In the last months of your brother’s life, he’d burned through relationships, his addictions leaving few intact. His loss has ended other relationships in your life: You haven’t spoken to your father since the funeral. I see you get emotionally stopped up and then cycle widely to incontinence. You can’t express and then you express all at once. The bodily metaphor isn’t wholly metaphoric—your stress and grief settle on you, laying bruises around your eyes, bringing a jitter to your hands. I want to hold you and set you right, but we’ve lost the innocence that for years allowed those simple actions to be enough. Where we’re at now is a place that demands deeper actions, a place which causes cavernous exhaustion. We’re fully adult now, I think.
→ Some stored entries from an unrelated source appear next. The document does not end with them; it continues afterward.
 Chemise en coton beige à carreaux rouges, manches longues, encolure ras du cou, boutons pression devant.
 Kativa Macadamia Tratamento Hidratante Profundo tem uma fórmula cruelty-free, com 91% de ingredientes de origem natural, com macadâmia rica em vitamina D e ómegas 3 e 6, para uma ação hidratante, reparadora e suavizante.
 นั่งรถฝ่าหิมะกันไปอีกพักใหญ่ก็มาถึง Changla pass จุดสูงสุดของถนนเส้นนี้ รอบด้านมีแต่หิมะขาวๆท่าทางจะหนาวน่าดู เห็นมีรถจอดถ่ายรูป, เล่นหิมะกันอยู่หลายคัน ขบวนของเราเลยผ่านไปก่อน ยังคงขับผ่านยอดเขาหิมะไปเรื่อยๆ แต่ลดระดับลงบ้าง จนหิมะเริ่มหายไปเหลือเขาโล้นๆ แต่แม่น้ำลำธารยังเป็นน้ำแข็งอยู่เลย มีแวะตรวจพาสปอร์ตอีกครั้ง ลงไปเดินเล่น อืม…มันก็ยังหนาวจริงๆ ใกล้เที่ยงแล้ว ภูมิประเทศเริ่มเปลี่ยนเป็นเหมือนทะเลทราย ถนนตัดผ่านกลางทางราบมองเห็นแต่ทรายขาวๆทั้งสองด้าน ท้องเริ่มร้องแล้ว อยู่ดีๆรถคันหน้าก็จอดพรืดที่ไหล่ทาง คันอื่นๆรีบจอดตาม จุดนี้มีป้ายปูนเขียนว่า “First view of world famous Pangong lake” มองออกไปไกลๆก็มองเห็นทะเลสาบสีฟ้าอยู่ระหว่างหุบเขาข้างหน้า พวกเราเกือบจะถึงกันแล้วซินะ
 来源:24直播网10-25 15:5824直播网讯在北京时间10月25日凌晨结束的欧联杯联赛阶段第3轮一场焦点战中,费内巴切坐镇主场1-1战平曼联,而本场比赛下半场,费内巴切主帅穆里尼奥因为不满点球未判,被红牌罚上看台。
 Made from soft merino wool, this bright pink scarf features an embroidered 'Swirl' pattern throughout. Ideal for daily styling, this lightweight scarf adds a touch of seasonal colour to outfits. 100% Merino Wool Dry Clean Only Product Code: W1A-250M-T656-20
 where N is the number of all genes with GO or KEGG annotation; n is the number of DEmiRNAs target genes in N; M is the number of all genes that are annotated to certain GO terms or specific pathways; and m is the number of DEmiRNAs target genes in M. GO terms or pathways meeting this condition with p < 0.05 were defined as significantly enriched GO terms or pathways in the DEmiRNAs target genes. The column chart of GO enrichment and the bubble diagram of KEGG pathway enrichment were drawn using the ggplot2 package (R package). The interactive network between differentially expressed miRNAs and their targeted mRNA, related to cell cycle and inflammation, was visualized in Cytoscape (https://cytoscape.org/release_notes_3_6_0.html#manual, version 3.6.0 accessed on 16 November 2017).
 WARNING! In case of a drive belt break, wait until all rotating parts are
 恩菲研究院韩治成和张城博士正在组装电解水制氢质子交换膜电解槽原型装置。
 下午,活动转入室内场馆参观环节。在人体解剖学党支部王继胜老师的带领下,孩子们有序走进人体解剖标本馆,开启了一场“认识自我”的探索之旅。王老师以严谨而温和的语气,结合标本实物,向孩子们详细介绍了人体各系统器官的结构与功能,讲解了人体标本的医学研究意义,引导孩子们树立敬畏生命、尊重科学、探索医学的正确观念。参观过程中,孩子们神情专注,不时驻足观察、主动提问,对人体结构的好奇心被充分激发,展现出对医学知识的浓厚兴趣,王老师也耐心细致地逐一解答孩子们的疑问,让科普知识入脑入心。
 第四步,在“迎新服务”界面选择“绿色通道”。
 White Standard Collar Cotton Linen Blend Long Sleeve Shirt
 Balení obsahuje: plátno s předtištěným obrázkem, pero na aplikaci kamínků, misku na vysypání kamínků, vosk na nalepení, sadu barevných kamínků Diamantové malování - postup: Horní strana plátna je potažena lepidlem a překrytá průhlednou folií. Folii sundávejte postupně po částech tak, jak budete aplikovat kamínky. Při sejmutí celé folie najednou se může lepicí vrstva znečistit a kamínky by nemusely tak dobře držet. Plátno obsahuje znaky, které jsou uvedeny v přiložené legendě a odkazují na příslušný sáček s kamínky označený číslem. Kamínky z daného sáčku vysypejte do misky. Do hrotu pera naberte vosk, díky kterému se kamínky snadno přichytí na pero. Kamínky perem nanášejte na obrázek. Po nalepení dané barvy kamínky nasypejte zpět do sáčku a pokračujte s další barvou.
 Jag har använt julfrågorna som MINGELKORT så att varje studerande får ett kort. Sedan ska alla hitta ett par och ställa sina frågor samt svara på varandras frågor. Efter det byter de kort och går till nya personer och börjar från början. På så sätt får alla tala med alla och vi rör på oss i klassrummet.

We’ve been left spinning by this non-event, by this ceasing of action, by whatever dying is.
Though you haven’t gotten the plant, your obsession with its bone-white and deep green leaves has gotten you through. Living things and ideas of living things help us choose to keep living, too. Lately, we hear our alarm and stay in bed for a while. We hold each other and play, telling jokes or exhuming memories. Sometimes, we’re just quiet in the gray light. These days, too, will be over so soon.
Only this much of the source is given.